::: Source material :::

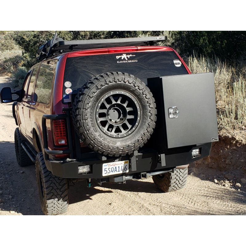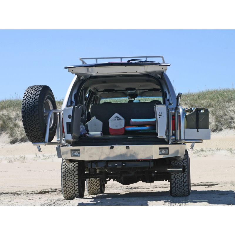 Storage is a premium when taking your family on long vacations, and if your Excursion has over-sized tires then you also have to compete with a tire that no longer fits underneath your vehicle. The solution is an Aluminess Rear Bumper. With 2 swing arms to hold your spare tire and a storage box you will now have more room for the essentials inside your Excursion. In most cases any of the Aluminess boxes will work on the swing arm, so whether its extra fuel, a generator, or recovery gear that you need, your Aluminess Rear Bumper is there to save the day.
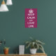 Mantenha a calma e o Poster da vida amorosa em todo branco com um fundo roxo.
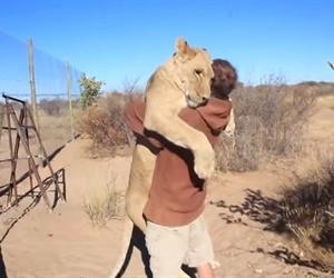 Los dos evidencian una calida y efusiva demostración de amor. Tanto que la feroz leona parece ser un inofensivo gatito.
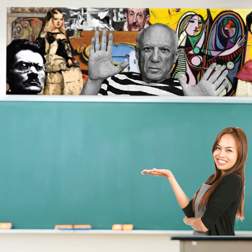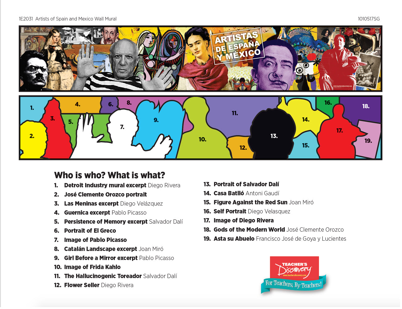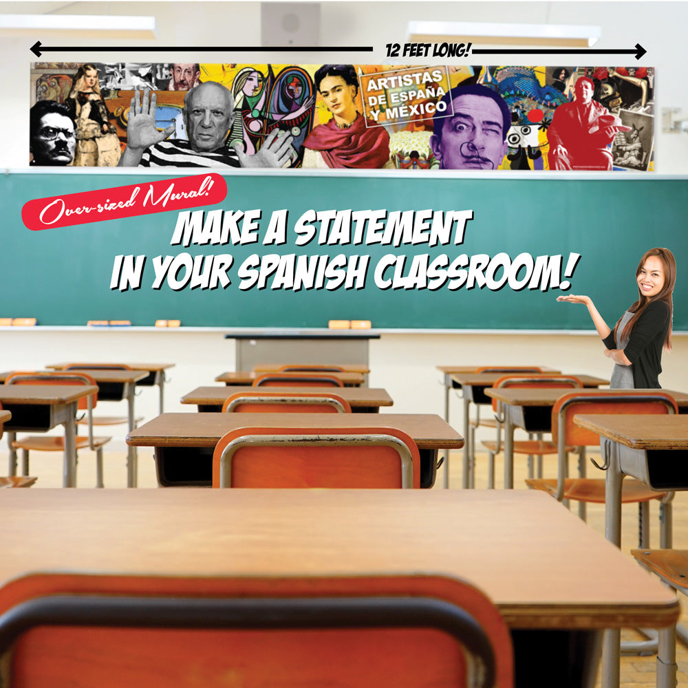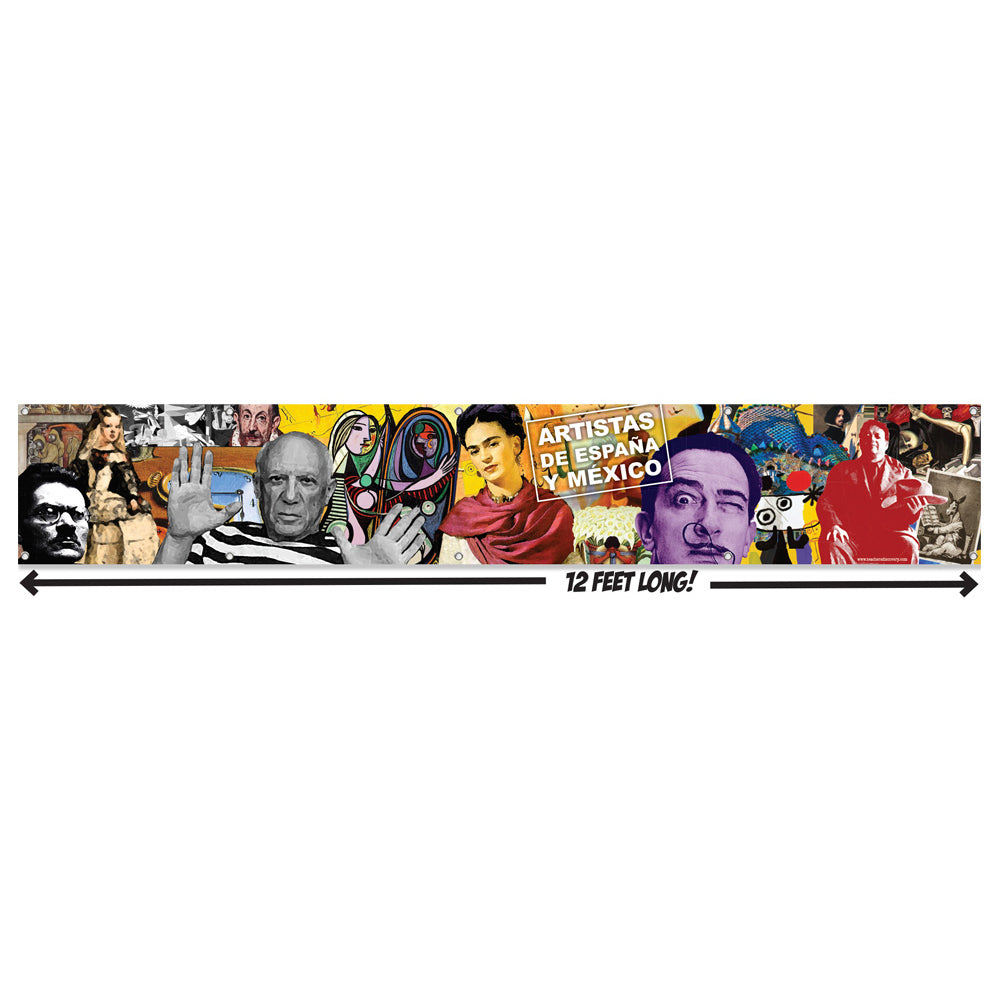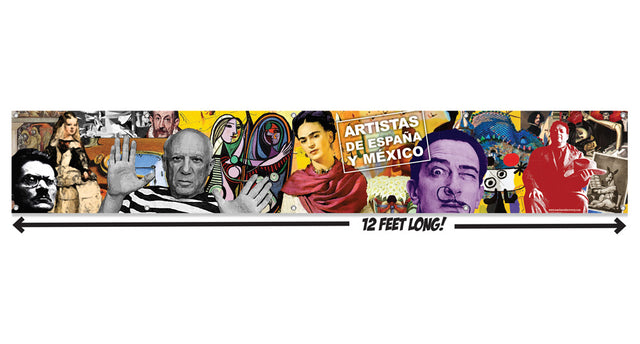 Over 12 feet long, this durable vinyl banner contains pieces of art from the most popular artists from Mexico and Spain. Vivid, colorful and fun, your classroom will have many teachable moments for students to admire all year long. 12 feet long by two feet high, thick vinyl with grommets for easy hanging. Have cinderblock? Don't worry. Doublesided tape works just as well (not included).
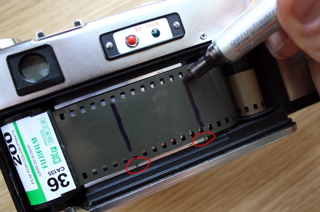 Стоит правильно отмечать границы первого кадра, чтобы ваш партнёр правильно зарядил плёнку и ровненько попал кадр-в-кадр. Отмечать лучше всего боковые границы кадра, когда вы до упора взвели затвор, примерно так:
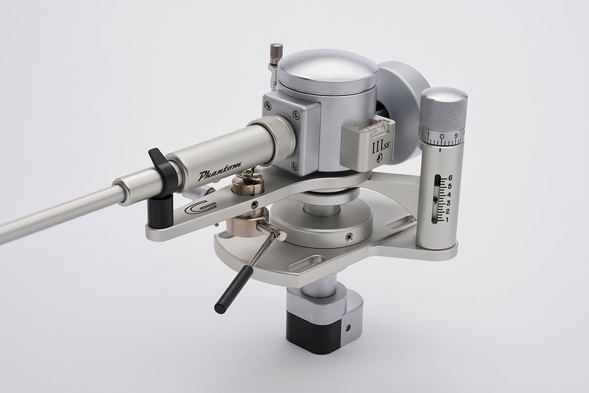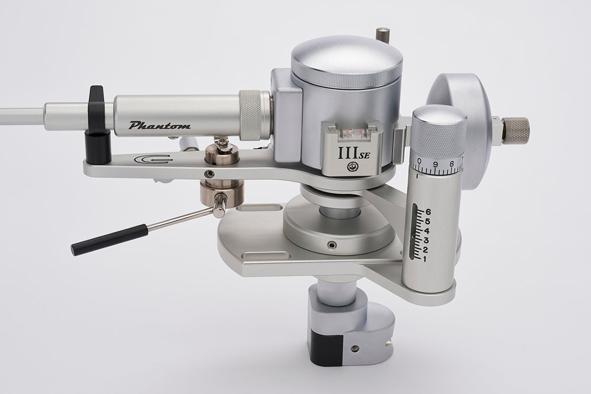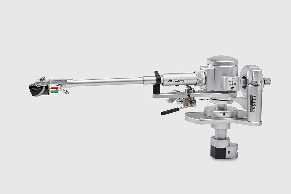 Unlike other designs where the counterweight/arm resonance can be in the audio range, and which can result in modulation of the playback signal, the counterweight of the Phantom III SE is decoupled at a low, subsonic resonant frequency; this results in cleaner and more dynamic bass extension, and smooth, detailed midrange, with extended, crystalline highs. All of this is achieved with practically no sonic signature of the arm itself, such as false base emphasis or bright highs, and instead is allowing the phono cartridge to work effortlessly in reproducing the music itself.
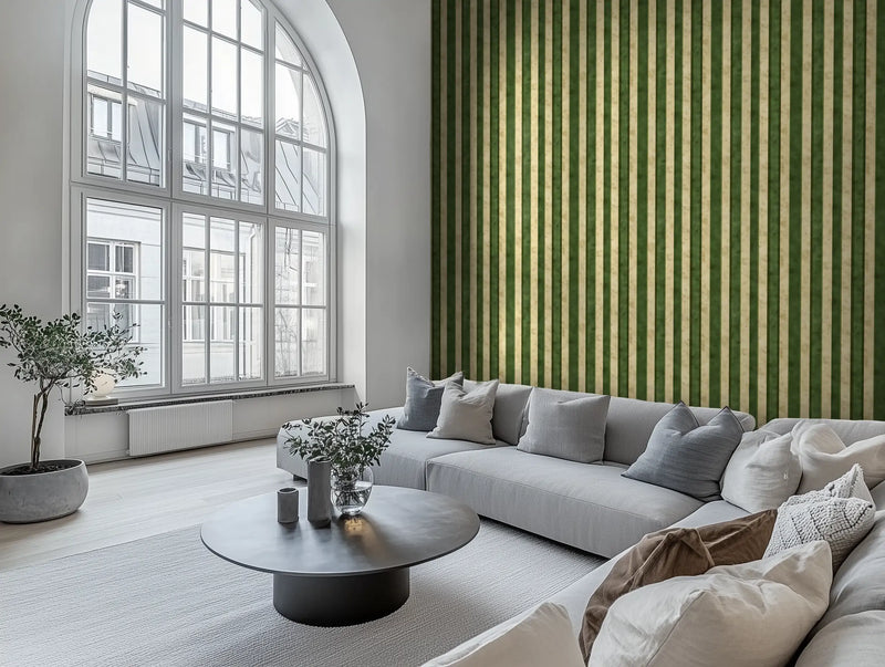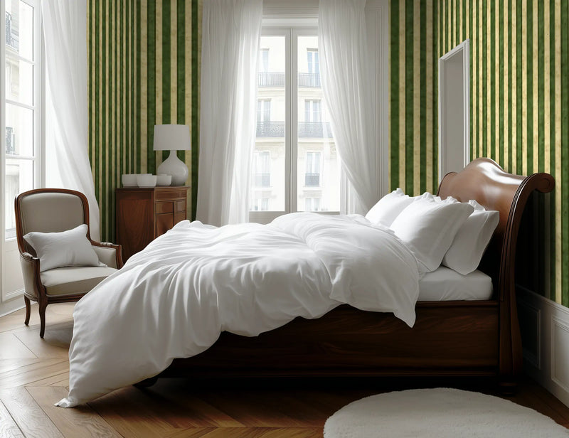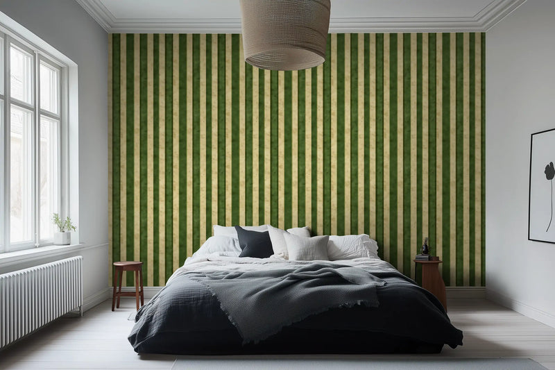 A nod to classic European taverns, countryside kitchens, and well-loved farmhouse textiles, Tavern Stripes is a timeless striped wallpaper with rustic stripe design that feels both heritage-rich and endlessly versatile. The interplay of deep forest green and warm golden hues makes it perfect for cozy, character-filled interiors.
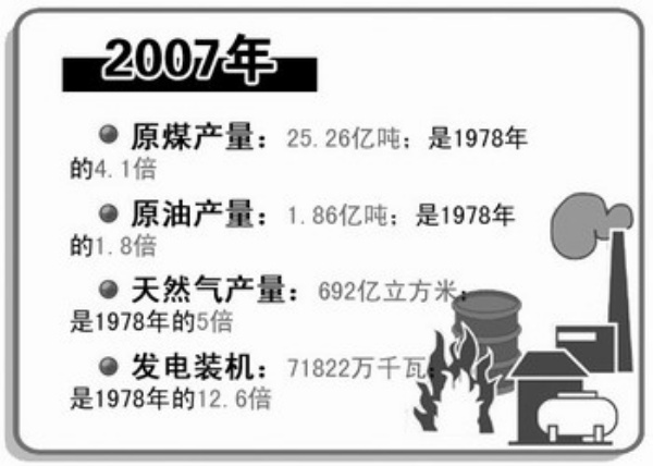 2007年,原煤产量达到25.26亿吨,是1978年的4.1倍。原油产量1.86亿吨,是1978年的1.8倍。天然气产量692亿立方米,是1978年的5倍,起步于20世纪50年代的海洋石油工业,随着1982年中国海洋石油总公司的成立获得了高速发展,海洋油气产量从1982年的9万吨迅速升至2007年的4047万吨油当量。到2007年底,发电装机达71822万千瓦,是1978年的12.6倍。其中火电55607万千瓦,水电14823万千瓦,分别是1978年的14倍和8.6倍;核电从无到有,到2007年,已形成885万千瓦的发电装机容量;风力发电迎来发展高峰,2007年装机容量为420万千瓦。
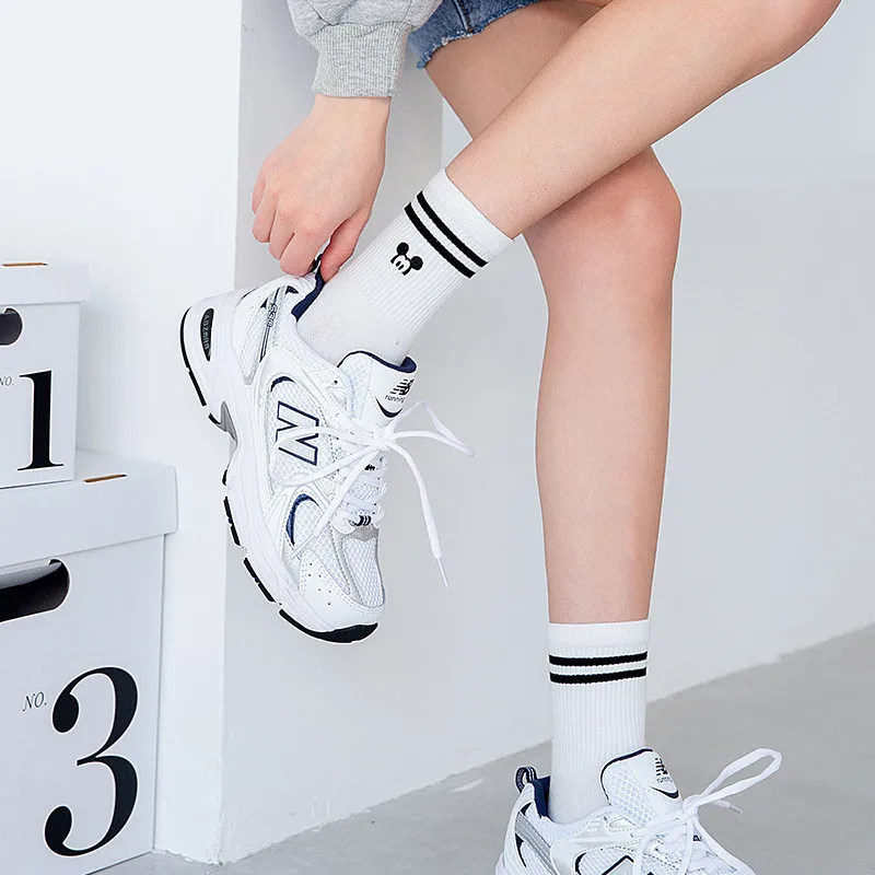 Name: Disney-Calcetines informales para mujer, medias cómodas de algodón con dibujos de Minnie, Mickey, bordado

:::

* _What is required_
Apart from the images, every line above is to be given again exactly.

* _Completed exercise_
 Storage is a premium when taking your family on long vacations, and if your Excursion has over-sized tires then you also have to compete with a tire that no longer fits underneath your vehicle. The solution is an Aluminess Rear Bumper. With 2 swing arms to hold your spare tire and a storage box you will now have more room for the essentials inside your Excursion. In most cases any of the Aluminess boxes will work on the swing arm, so whether its extra fuel, a generator, or recovery gear that you need, your Aluminess Rear Bumper is there to save the day.
 Mantenha a calma e o Poster da vida amorosa em todo branco com um fundo roxo.
 Los dos evidencian una calida y efusiva demostración de amor. Tanto que la feroz leona parece ser un inofensivo gatito.
 Over 12 feet long, this durable vinyl banner contains pieces of art from the most popular artists from Mexico and Spain. Vivid, colorful and fun, your classroom will have many teachable moments for students to admire all year long. 12 feet long by two feet high, thick vinyl with grommets for easy hanging. Have cinderblock? Don't worry. Doublesided tape works just as well (not included).
 Стоит правильно отмечать границы первого кадра, чтобы ваш партнёр правильно зарядил плёнку и ровненько попал кадр-в-кадр. Отмечать лучше всего боковые границы кадра, когда вы до упора взвели затвор, примерно так:
 Unlike other designs where the counterweight/arm resonance can be in the audio range, and which can result in modulation of the playback signal, the counterweight of the Phantom III SE is decoupled at a low, subsonic resonant frequency; this results in cleaner and more dynamic bass extension, and smooth, detailed midrange, with extended, crystalline highs. All of this is achieved with practically no sonic signature of the arm itself, such as false base emphasis or bright highs, and instead is allowing the phono cartridge to work effortlessly in reproducing the music itself.
 A nod to classic European taverns, countryside kitchens, and well-loved farmhouse textiles, Tavern Stripes is a timeless striped wallpaper with rustic stripe design that feels both heritage-rich and endlessly versatile. The interplay of deep forest green and warm golden hues makes it perfect for cozy, character-filled interiors.
 2007年,原煤产量达到25.26亿吨,是1978年的4.1倍。原油产量1.86亿吨,是1978年的1.8倍。天然气产量692亿立方米,是1978年的5倍,起步于20世纪50年代的海洋石油工业,随着1982年中国海洋石油总公司的成立获得了高速发展,海洋油气产量从1982年的9万吨迅速升至2007年的4047万吨油当量。到2007年底,发电装机达71822万千瓦,是1978年的12.6倍。其中火电55607万千瓦,水电14823万千瓦,分别是1978年的14倍和8.6倍;核电从无到有,到2007年,已形成885万千瓦的发电装机容量;风力发电迎来发展高峰,2007年装机容量为420万千瓦。
 Name: Disney-Calcetines informales para mujer, medias cómodas de algodón con dibujos de Minnie, Mickey, bordado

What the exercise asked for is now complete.